Holy Griswald! (#33 Complete)

Praise Be To Holy Griswald!

I completed another goal on my Day Zero Project II list. Huzzah! This one was fairly straightforward, but incredibly silly. Have you met Griswald before? He’s part of my core group of plushies. And as such, I kind of carry him around with me in my day-to-day. He usually comes downstairs with me and Master Pravus usually does a completely ridiculous voice for him. I do it too sometimes, but Griswald’s personality is really Master Pravus’ invention. I bring this up because it’s kind of necessary to explain the monstrosity of what’s going on in the painting above.

So uh. First of all. I can’t actually paint. (I realize you could actually tell that. Ha ha, thank mew!) But, I like painting my stuffed animals from time to time and I had actually (along with Master Pravus) been talking about how I wanted to decorate the Green Room (which is in complete shambles right now while we slowly unpack everything). One of the things Master Pravus suggested was that I paint a picture of Griswald to frame and put up in there. Originally I had thought “you know, why don’t I do that?” But I struggled so much with how to paint him. Griswald is a little monster, an alchemical genius who harvests fresh frog’s breath and uses it for his own purposes. (I. Uh. Sorry if you’re still reading this at this point.)

So I thought about doing something incredibly contrary to his personality, like maybe paint him in an angelic pose, sleeping on a cloud but none of the pictures were coming out right. It was then that I got the absolutely revolting idea to paint him in the likeness of Christ. The worst part though, is that Griswald has really stubby arms, which were somewhat hard to paint holding his relics.

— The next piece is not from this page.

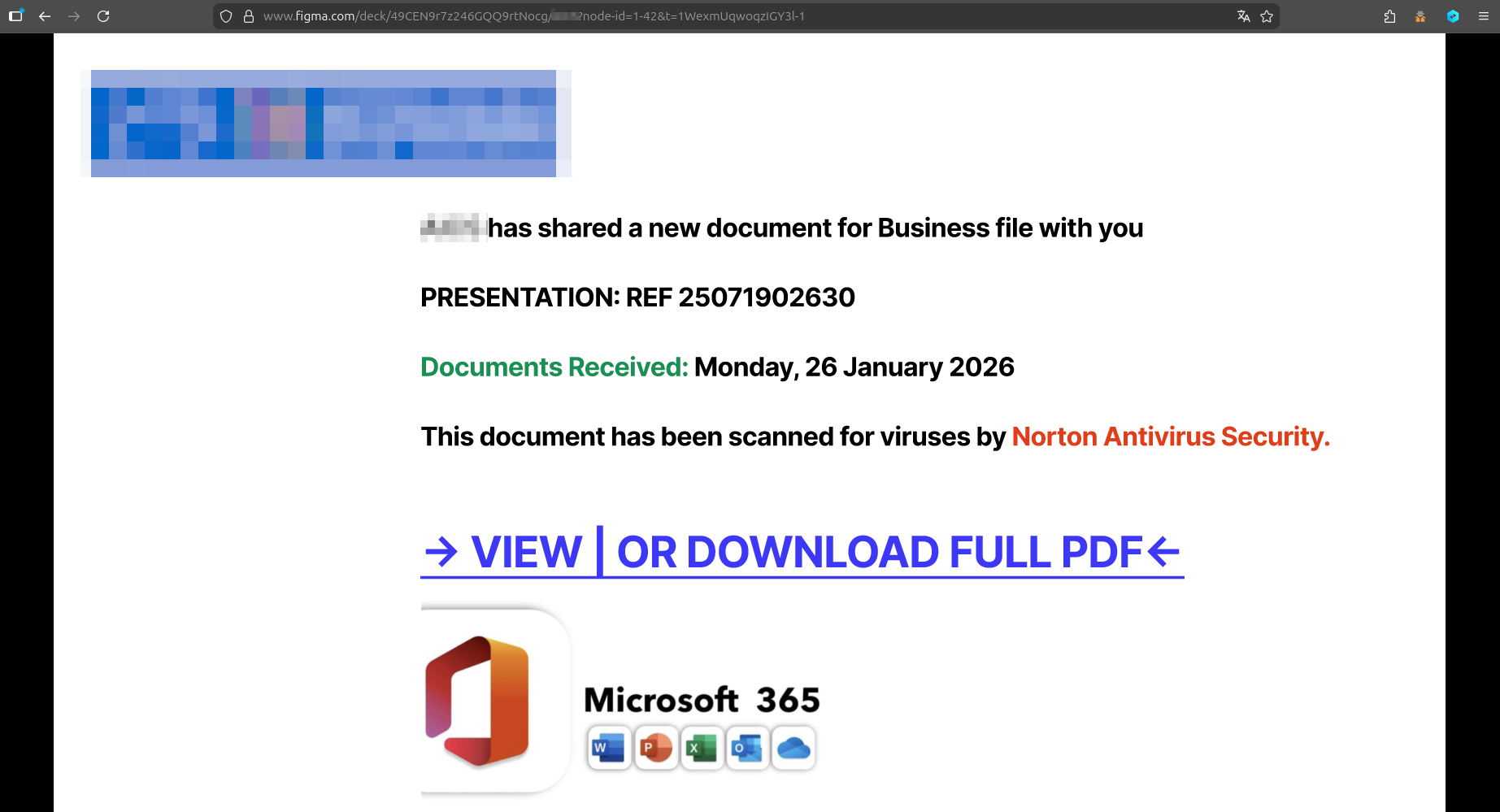 Sfruttate utenze della PA compromesse per tentare il furto di credenziali Microsoft 365 tramite Figma

Ack!

I realize it looks like Griswald is holding a bink.. But that’s not really a bink! It’s a gom jabbar! (Griwald really took to Dune, OK?) And yes, I realize he looks like he’s wearing bee antennae but it’s really a clever disguise so that he can sneak in amongst the bees and speak their language. And that cloud is obviously not a heavenly cloud. Yes, it’s frog’s breath.

So. Uh. You now know more than you ever needed or wanted to know about Griswald if you managed to get this far. One more goal checked off! Huzzah!